(DATA BELOW begins)

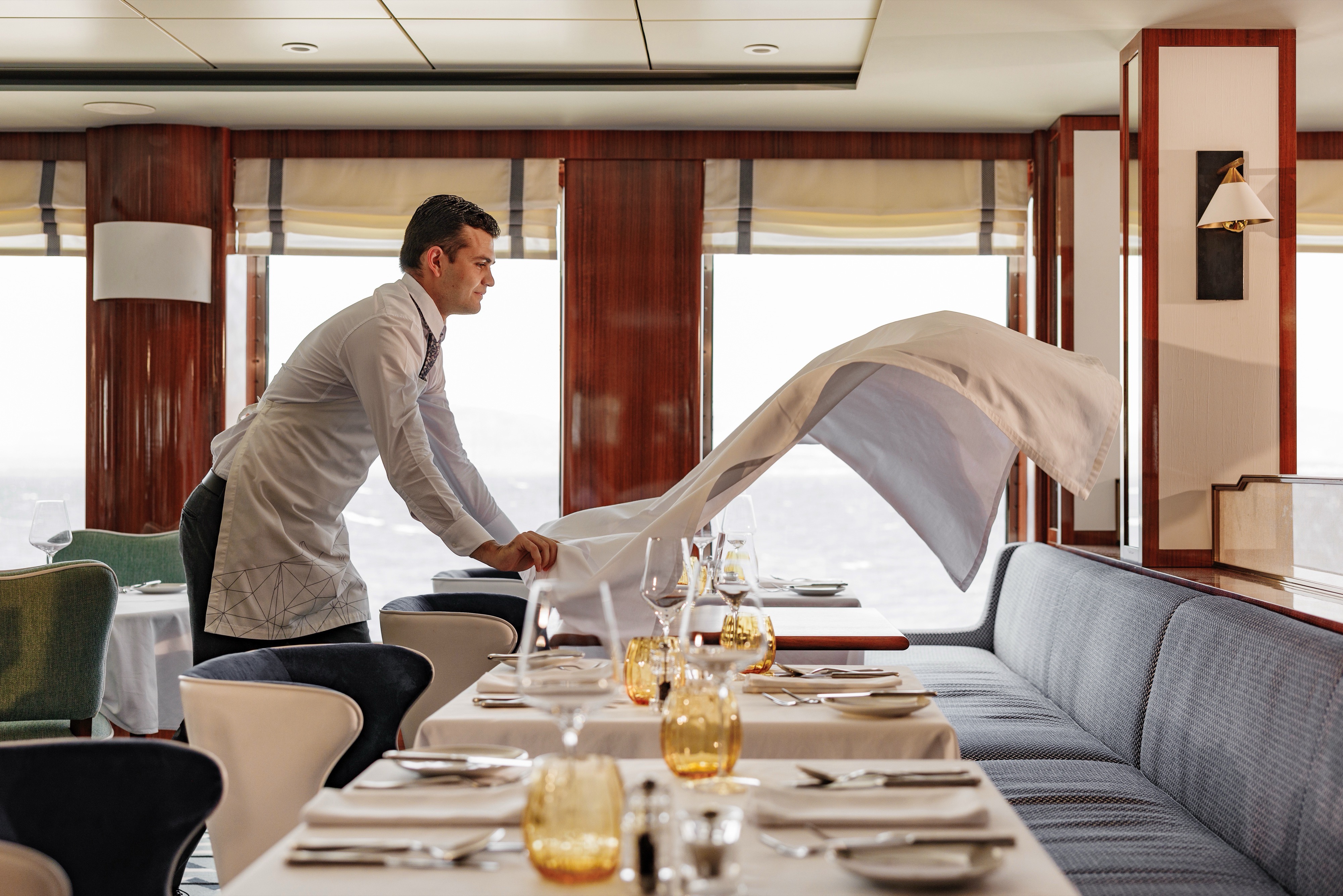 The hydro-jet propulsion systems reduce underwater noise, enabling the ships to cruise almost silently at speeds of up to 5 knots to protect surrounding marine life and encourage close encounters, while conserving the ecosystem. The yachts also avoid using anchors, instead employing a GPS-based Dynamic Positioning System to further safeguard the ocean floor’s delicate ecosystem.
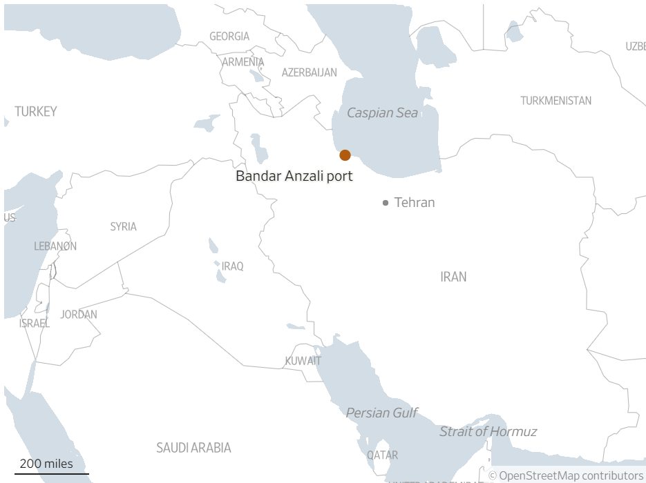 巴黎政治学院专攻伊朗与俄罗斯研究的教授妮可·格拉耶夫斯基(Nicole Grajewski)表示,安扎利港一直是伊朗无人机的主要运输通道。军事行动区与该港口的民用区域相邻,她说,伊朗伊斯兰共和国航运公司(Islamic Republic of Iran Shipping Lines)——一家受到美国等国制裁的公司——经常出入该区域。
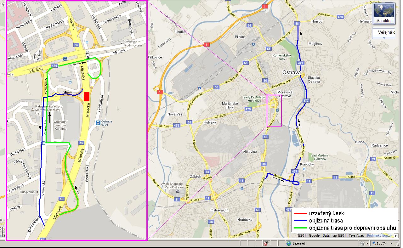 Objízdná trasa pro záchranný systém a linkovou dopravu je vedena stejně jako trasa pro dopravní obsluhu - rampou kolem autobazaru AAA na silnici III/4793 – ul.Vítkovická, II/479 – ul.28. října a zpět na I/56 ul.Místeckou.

(DATA BELOW ends)

● ABOUT THIS TASK:
Print exactly what appears from the first line of the listing above down to the line containing "Iran Shipping Lines)——一家受到美国等国制裁的公司——经常出入该区域。", inclusive, and leave out all pictures.

● YOUR SOLUTION:
 The hydro-jet propulsion systems reduce underwater noise, enabling the ships to cruise almost silently at speeds of up to 5 knots to protect surrounding marine life and encourage close encounters, while conserving the ecosystem. The yachts also avoid using anchors, instead employing a GPS-based Dynamic Positioning System to further safeguard the ocean floor’s delicate ecosystem.
 巴黎政治学院专攻伊朗与俄罗斯研究的教授妮可·格拉耶夫斯基(Nicole Grajewski)表示,安扎利港一直是伊朗无人机的主要运输通道。军事行动区与该港口的民用区域相邻,她说,伊朗伊斯兰共和国航运公司(Islamic Republic of Iran Shipping Lines)——一家受到美国等国制裁的公司——经常出入该区域。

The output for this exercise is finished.